In a short Q&A with Tech Briefs below, Prof. Yin explains how his team's next step is an ambitious one: Beat the cheetah.

Tech Briefs: Why is it valuable for a spine to be “bistable” or have two stable states?

Prof. Jie Yin: The bistable spine is like an electric switch; it is either on or off and has no intermediate state, which represents two stable states of either bending upward or bending downward. It never stays as a straight spine since it is an unstable state.

[The robotic spine] will quickly switch between two stable states under actuation. Meanwhile, the soft body quickly bends up or down to extend or contract its stride length to mimic the galloping gait to jump off the ground through quick release of the stored energy.

For sure, the spine of a cheetah is not bistable, but it is flexible. A cheetah's spine bends up and down during galloping by pulling or releasing its muscle in the spine. So, this research is bio-inspired by the movement of the flexible spine during a cheetah's galloping.

Tech Briefs: How durable are these robots? What are the ranges of their speed and lifting capabilities?

Prof. Jie Yin: The durability of the robots are good. The robots can run thousands of cycles without obvious degradation in their performance, due to the superelasticity in their materials and linear elastic spring under small actuation pressure of less than 60 kPa. The speed is tunable to be slow or fast, which can be around 0.5 to 2.7 body lengths/second (absolute velocity is 40 - 190 mm/s). Lifting capability is also tunable in the range of 0.02 g to 11.4 kg.
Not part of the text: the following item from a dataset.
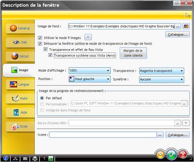 Gabarit Aero : pensez à cocher " Transparence système sous Vista(Aéro) " pour que vos applications utilisent automatiquement le gabarit Vista choisit par l'utilisateur. Cette option est disponible dans la fenêtre à 7 onglets de la description de fenêtre.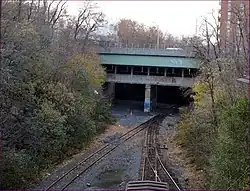 Formerly, the Fourth Avenue Line served trains from the BMT Culver Line, which connected to the 36th Street station via the lower level of the Ninth Avenue station south of Green-Wood Cemetery from a now-demolished elevated structure.[8] Following the connection of the Culver Line to the South Brooklyn Line of the IND on October 30, 1954, this service turned at Ditmas Avenue instead.[40]: 72, 74 Later on, service via the BMT Culver Line was cut back to being a shuttle that ran between Ditmas Avenue and Ninth Avenue. Shuttle service ended in 1975,[5][6] with homes and housing developments erected over the right-of-way of the two demolished stations in the 1980s and again in the 2010s.[79] The barest stub of the old elevated line is still visible at Ditmas Avenue.[80][81]

Tech Briefs: This is a proof-of concept. What’s next? What are the most exciting possibilities to you, with this kind of technology?

Prof. Jie Yin: The cheetah's speed is 16 body lengths/second. Now our proof-of-concept soft robot is only 2.7 body length/second, which is over 5 times slower. Our next step and ambitious goal is to beat the cheetah in terms of relative speed by scaling down the robot size to insect-size or even microscale size.

We believe that the same working principle will work under a small scale, and the soft robot will become untethered and autonomous through other remote actuation methods, like magnetic fields, which could potentially move inside the human body for quick drug delivery or minimally invasive surgery.

We are also very open for potential collaboration with industries.

What do you think of the cheetah-inspired soft robot? Share your questions and comments below.

The paper, “Leveraging elastic instabilities for amplified performance: spine-inspired high-speed and high-force soft robots ,” is published in the journal Science Advances. First author of the paper is Yichao Tang, a former Ph.D. student of Jie Yin’s when Yin was on faculty at Temple University. The paper was co-authored by Yinding Chi, a Ph.D. student at NC State; Omid Maghsoudi and Andrew Spence of Temple; Jiefeng Sun and Jianguo Zhao of Colorado State University; and Tzu-Hao Huang and Hao Su of the City University of New York.